FF&F is at St. Rt. 250 and 71 in Ashland. 

He'll catch SOMETHING at US 30 & 71 because there is an old strip club there, but not the rivers and lakes the OP was asking about!


----------



## bobberbucket (Mar 30, 2008)

Mr. A said:


> FF&F is at St. Rt. 250 and 71 in Ashland.
> 
> He'll catch SOMETHING at US 30 & 71 because there is an old strip club there, but not the rivers and lakes the OP was asking about!


The good ole Top hat  gentleman's club. Brings back memory's


----------



## Ripley (May 10, 2010)

There's some hunting forums on ogf those guys maybe able to help you with squirrel and deer fur. I'm going out Thursday thru Sunday for the last days of deer. If I can fill my tag or my buddies fill theirs I'll let you know.

Welcome to OGF!


----------



## Matthew Baker (Jan 28, 2017)

Thank you!


----------



## elkcow (Jul 18, 2009)

Hey...welcome to Ohio Matt ...not exactly the trout fisherman's paradise but I have lived here forever and you make your own with what you've got. I swear there is no better feeling than hitting the water and hooking up with that fish that just wont hit anything but that fly that you tied yourself. Wildlife.ohiodnr.gov does gives all stocking dates , but avoid the gaggles of people and fish later on in the spring before it gets too hot. A lot of the remote stockings will hold over some nice trout to be had. Ohio....I think bass. Nothing beats hooking up with a smallmouth bass on the fly or a feisty rock bass and god knows ohio streams are loaded with those two! If your near Columbus Field and Stream have the best selection of fly tying materials and Cabellas likes to mark stuff down. Check the bargain cave. Walk the streams way back in , fish each hole with the idea you have to cast where no one else worked hard enough to reach. It'll pay.

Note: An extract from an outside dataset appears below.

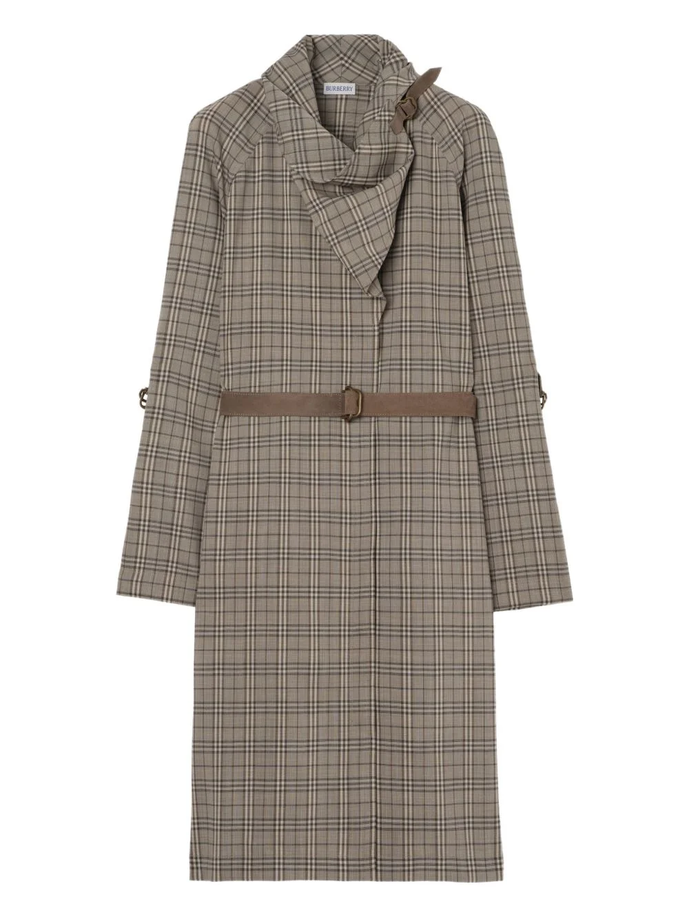 scarf-collar checked mini dress Highlights - Grey - Check pattern - Buckle belt - Adjustable sleeve straps Imported Composition Wool 97%, Lycra 3% Washing instructions Specialist Cleaning

Enjoy!


----------



## brianfoughty (Apr 28, 2016)

Try rose lake I have a buddy that lives in that area and he loves the trout fishing


----------



## Ripley (May 10, 2010)

sorry Matt didn't fill my tag, nor did my buddy.


----------



## ttipul (Jul 19, 2014)

Matthew Baker said:


> Hey everyone! I have only been in Ohio for a year now. I am an avid fly fisherman and am trying to find some good rivers close to the Ontario/ Mansfield areas and surrounding. I am also looking for some local fly shops! HELP!

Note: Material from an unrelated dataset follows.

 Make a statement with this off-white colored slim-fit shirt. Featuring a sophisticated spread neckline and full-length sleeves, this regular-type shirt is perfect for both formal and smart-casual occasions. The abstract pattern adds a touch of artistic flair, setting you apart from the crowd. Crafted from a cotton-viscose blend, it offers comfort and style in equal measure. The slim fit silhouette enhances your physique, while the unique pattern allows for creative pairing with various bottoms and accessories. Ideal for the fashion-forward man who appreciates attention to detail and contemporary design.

Clear Fork for Browns, good numbers and a few decent sized.Many land owners will allow fishing when asked. Butler area into Bellville is where i go...


----------



## TomC (Aug 14, 2007)

pm sent to you


----------



## DenOhio (Oct 18, 2016)

Welcome aboard, I'm not fly guy but this is not a great place for it. I have fly fished a couple times only. Once in Weston Michigan for salmon and once in Key West for bone fish. I was not very good at it either time. I have a moderate priced fly rod and reel on my mancave wall lol. It's not that I didn't enjoy it, just no place near me unless I wanted to catch bass on one. I'd say you need to drive.


----------